I’ve tried everything but nothing works, even talking to myself. I’m at the end of my rope, truly. I have a plan & a date set for soon. I cannot subject myself to another horrid winter with debilitating depression & fighting for months with suicidal thoughts. I’ve had enough! My thought is: SOMEONE has to be a “statistic”; why not me?
here is my long response- I love the other comment that was left as well- I hope this is helping you! you are loved and supported by people who don’t know you, but we do know the illness:
Hi,
I just got your comment. I am going to say to you what I say to myself when I get suicidal= that’s bipolar disorder talking. Period. You are inside there wanting to get out. You want help. It’s a god awful rotten illness when it makes you feel this way. Just awful. I can remember being so depressed I could hardly move. Who wouldn’t want to end that? I would if it were permanent- but depression is not permanent. It’s an illness.
I have been suicidal off and on since age 19. I thought it was an option- now I realize it was a symptom.
Here are some questions:
What is your diagnosis? If it’s bipolar disorder, then what you’re feeling right now is 100% normal. 100%. I say this throughout my books. If you had diabetes you are now in the equivalent of an insulin shock. That requires medical help just as you need medical help.
If you were on the side of the road with a broken leg- you would look for someone to come by and help – and they would.
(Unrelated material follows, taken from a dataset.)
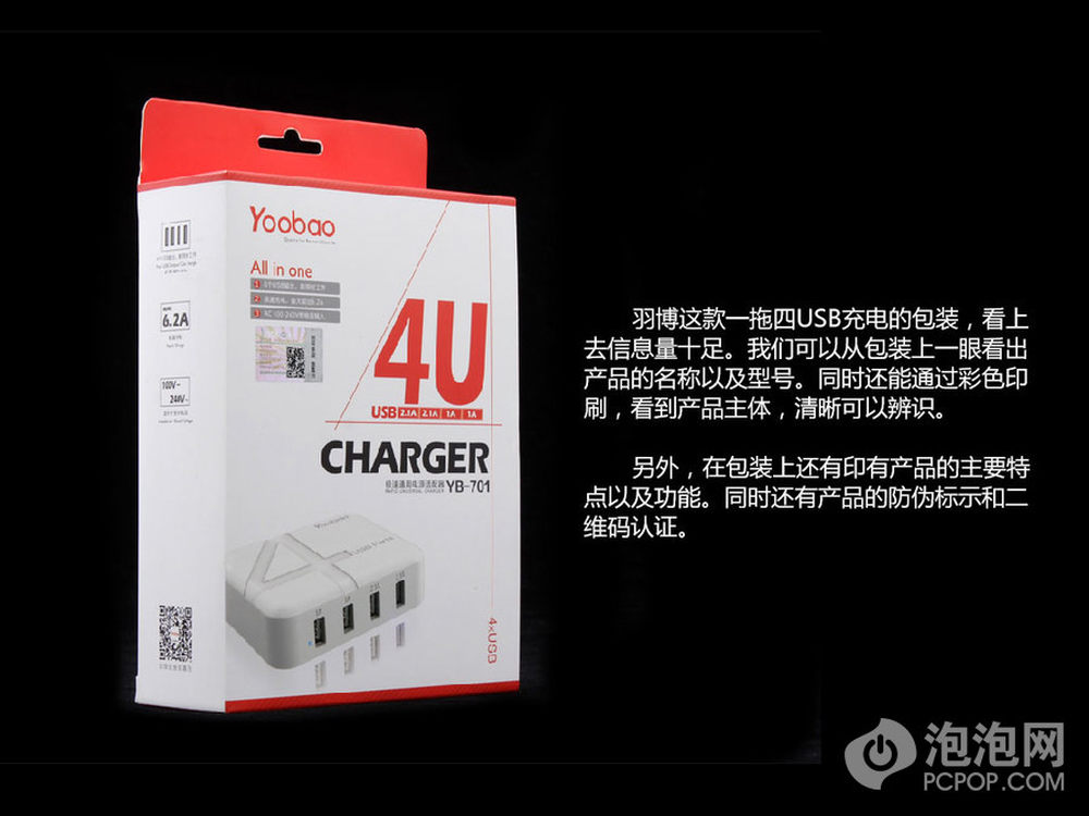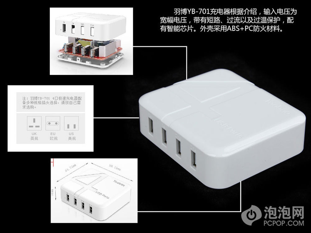 泡泡网移动电源频道8月6日 如今我们周边的移动设备越来越多,需要USB接口充电设备也是越来越多,尤其是当我们准备第二天出游,需要把所有用电设备充满的时候,我们惊讶的发现,排插的插座实在是不够用啊。当然,出差在酒店里充电可能也会遇到这样的情况。不过,最近羽博推出一款非常实用的USB充电产品,型号为YB-701。

So I am helping now. Here are your options.
Remind yourself that it’s depression. You came to this web site= that isn’t a coincidence! You wrote on this blog and I just happened to read one more email before I walked out the door. No coincidence there. I was literally about to turn off my computer and your email beeped.
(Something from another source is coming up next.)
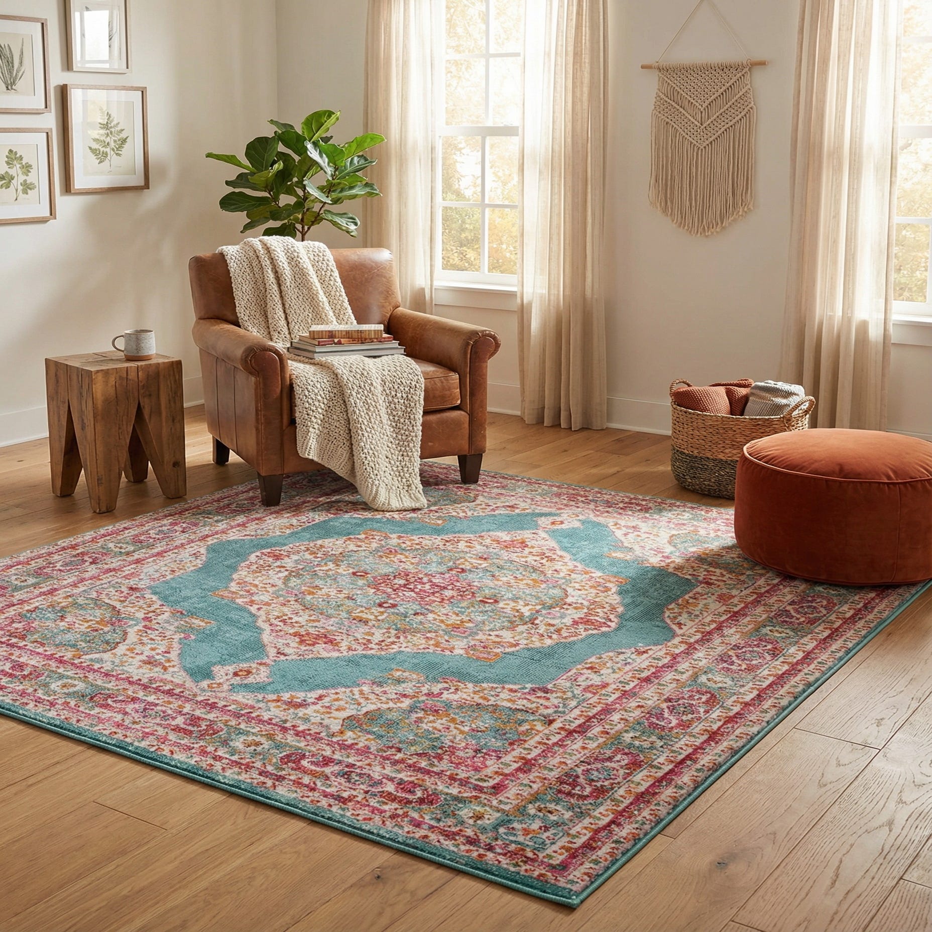 Use this rug to add color and pattern to a living room seating area — it pairs well with light woods, linen upholstery and rattan for a relaxed coastal or bohemian look. It also works in a bedroom to introduce a lively focal point at the foot of the bed, or in an eclectic or transitional space where vintage-inspired motifs and bright accents are desired.

Who can you call right now? There are suicide help lines- if you go to http://www.moodgarden.org there is a lot of help. You can read from other people who have been where you are.
When you have a plan, it means the thoughts are taking over. What can you say to yourself to take the real you back from your bipolar manufactured thoughts?
Who is your health care professional and can you call them right now? I’m always honest when I’m suicidal. It’s nothing to be ashamed of. If there is not anyone, walk to any emergency room and tell them the truth- that is why they are there.
My partner Ivan was once so suicidal he could hardly talk- and then he got the right meds and he came back within a few hours. It happens.
People are statistics because they don’t know that there is hope: Here is the hope for you:
If you are really desperate – there is ECT and it can be extremely successful. My dear friend Gayathri had it and it saved her life. You can now read about her at http://www.mindbeautiful.org All she thought about was suicide and knew she needed help. Her family took her to the hospital. And now she lives with depression, but she has a good life.
I can go on and on here simply because you are in the middle of a serious illness with serious symptoms- the meds work because it is an illness. You can keep trying with the meds as well- they finally worked for me.
Who can you call right now? It may be hard to pick up the phone, but you won’t regret it.
I always say, “I have bipolar disorder and I’m suicidal;”- and I’ve always gotten help.
You don’t want to die- you want to end the pain of the illness so that you can lead a joyous life. It takes time and it takes professional help- but I promise you that your life can and will be better once you treat this as an illness. Depression is the problem- not you – you are wonderful.